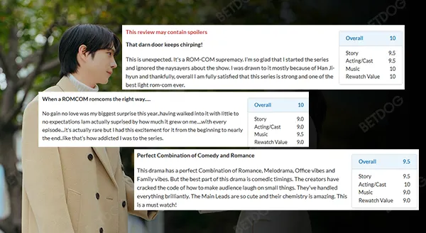 ซึ่งเป็นซีรีส์แนวโรแมนติก-คอมเมดี้ ความยาว 12 ตอน ตอนละประมาณ 70 นาที ที่สร้างความประทับใจให้กับผู้ชมได้อย่างต่อเนื่อง ด้วยเรตติ้งในสัปดาห์ที่ 3 เฉลี่ยทั่วประเทศอยู่ที่ 4.967% หรือคิดเป็นจำนวนผู้ชมสูงสุด 1.043 ล้านคน [2]
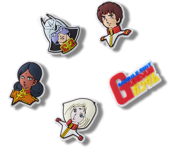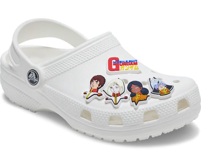 另有販售 Crocs 可以配置在鞋款做造型的鞋扣,以鋼彈中出現的角色為圖案設計,可以自由擺放在鞋面上玩出不同味道。
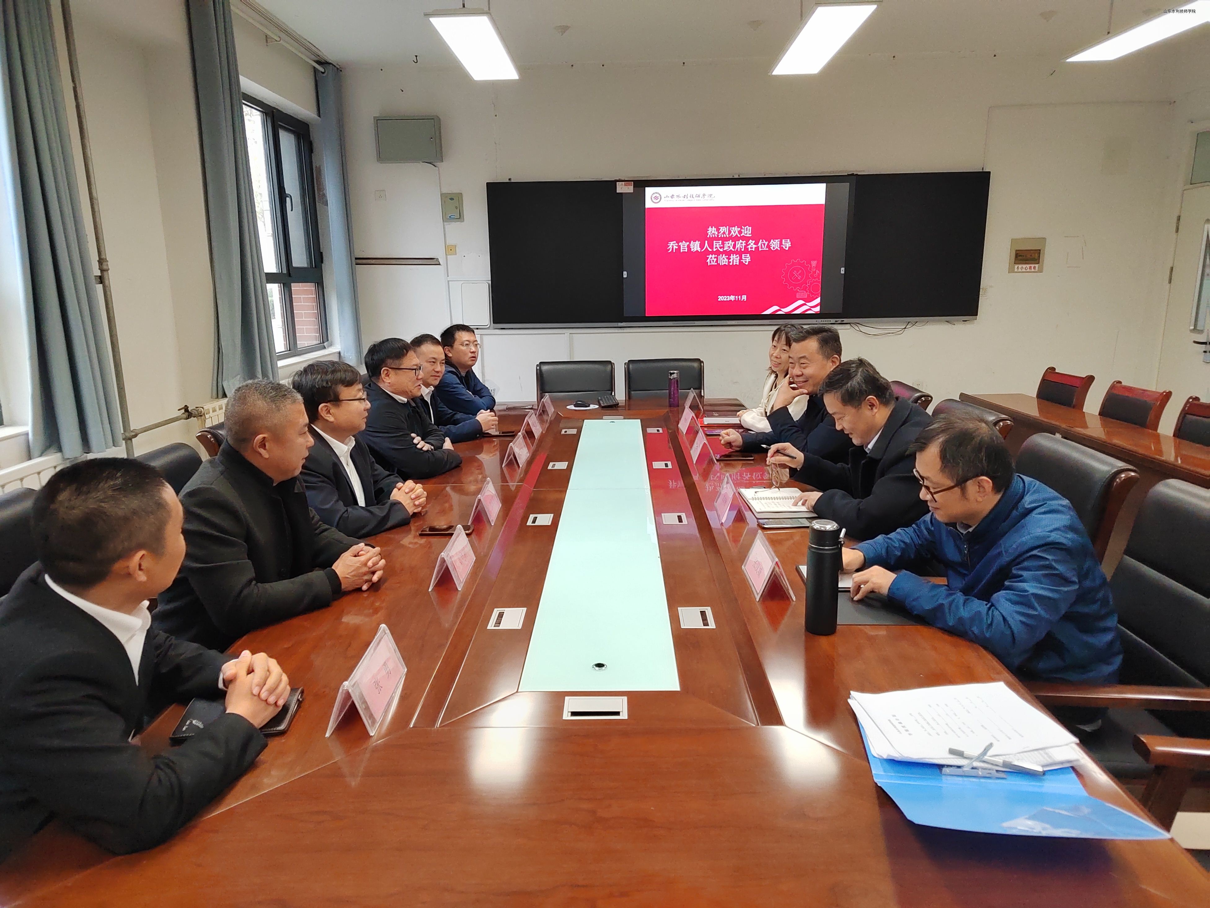 11月8日,潍坊市昌乐县水利局党组成员、南寨水库运营维护中心党支部书记赵建伟,乔官镇党委副书记吴昊、人大副主席郭海滨等一行来到山东水利技师学院,就乔官镇为农服务中心打造“河湖创研中心”等方面,展开深入探讨交流。学院院长边敦典出席座谈会。

* What you are asked to do: Nothing but the lines from the one containing "另有販售 Crocs 可以配置在鞋款做造型的鞋扣,以鋼彈中出現的角色為圖案設計,可以自由擺放在鞋面上玩出不同味道。" through the last line of the material may appear in the answer, transcribed exactly and with no pictures.

* Solution:
 另有販售 Crocs 可以配置在鞋款做造型的鞋扣,以鋼彈中出現的角色為圖案設計,可以自由擺放在鞋面上玩出不同味道。
 11月8日,潍坊市昌乐县水利局党组成员、南寨水库运营维护中心党支部书记赵建伟,乔官镇党委副书记吴昊、人大副主席郭海滨等一行来到山东水利技师学院,就乔官镇为农服务中心打造“河湖创研中心”等方面,展开深入探讨交流。学院院长边敦典出席座谈会。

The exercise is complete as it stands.